When the 27-year-old first heard about the smog in Lahore, Naveen immediately thought of China’s smog or the Great Mmog of London in 1952. But, she didn’t realise that Pakistan had once again made it to the list of the world’s most polluted cities.

“The more I read, the more I realised how much information you needed to know to make sense of the problem—ambient air, AQI, WHO, JICA, etc. I wasn’t sure where to begin. After doing some research, I saw a gap in the internet about Pakistan’s climate change problem,” she wrote on her website.  

Her research eventually led her to two environmental lawyers Sara Hayat and Rafay Alam.  

“I am hopeful for change after witnessing the climate march in Pakistan led by the Climate Action Now and after meeting Rafay Alam, Sarah Hayat and Abid Omar,” she told SAMAA Digital. “There is potential and hope to fix this growing problem which is a public health emergency.”

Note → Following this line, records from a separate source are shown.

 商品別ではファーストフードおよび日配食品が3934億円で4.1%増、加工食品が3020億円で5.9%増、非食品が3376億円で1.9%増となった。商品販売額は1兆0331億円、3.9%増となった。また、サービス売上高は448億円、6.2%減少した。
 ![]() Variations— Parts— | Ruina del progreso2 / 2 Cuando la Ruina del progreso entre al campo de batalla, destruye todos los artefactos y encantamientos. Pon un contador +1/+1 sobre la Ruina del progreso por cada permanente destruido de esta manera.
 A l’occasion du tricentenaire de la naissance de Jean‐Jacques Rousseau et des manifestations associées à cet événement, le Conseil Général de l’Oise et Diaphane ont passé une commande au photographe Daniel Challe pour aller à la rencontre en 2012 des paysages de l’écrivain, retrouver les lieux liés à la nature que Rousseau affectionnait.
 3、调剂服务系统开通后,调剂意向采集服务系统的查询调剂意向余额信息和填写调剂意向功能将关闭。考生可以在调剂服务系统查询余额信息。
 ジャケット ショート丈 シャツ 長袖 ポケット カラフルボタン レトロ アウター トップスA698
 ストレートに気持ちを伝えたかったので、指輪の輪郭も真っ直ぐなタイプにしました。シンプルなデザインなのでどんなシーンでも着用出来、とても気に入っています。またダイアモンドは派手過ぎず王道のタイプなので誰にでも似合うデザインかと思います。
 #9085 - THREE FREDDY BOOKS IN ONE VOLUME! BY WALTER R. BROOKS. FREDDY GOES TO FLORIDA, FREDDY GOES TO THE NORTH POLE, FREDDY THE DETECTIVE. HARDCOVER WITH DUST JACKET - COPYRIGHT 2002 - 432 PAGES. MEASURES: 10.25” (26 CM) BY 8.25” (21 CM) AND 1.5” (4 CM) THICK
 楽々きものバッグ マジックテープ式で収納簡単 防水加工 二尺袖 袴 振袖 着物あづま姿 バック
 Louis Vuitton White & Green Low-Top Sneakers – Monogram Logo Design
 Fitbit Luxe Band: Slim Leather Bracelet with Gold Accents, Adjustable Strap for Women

Talking about smog, Naveen explained that it was a mixture of smoke and fog. She said, “Lahore’s positioning on the map in conjunction with the temperature inversion (a weather phenomenon) means the emitted pollution from factories and brick kilns is trapped.”

She added that the main problem was “our cars and the dirty fuel that we burn. All that pollution is also trapped”. 

Last year, the smog in Lahore was so bad that schools had to close after the AQI reading at the US Consulate read over 600. Imagine the pollution sent Lahore’s children home. “It doesn’t matter how wealthy you are or if you live in a well-protected home, you are still breathing in this filthy air,” she said. “Pakistan is very vulnerable to climate change, and smog is a growing problem that we can’t ignore. Air pollution is deadly, and as a nation, we need to change our lifestyles.”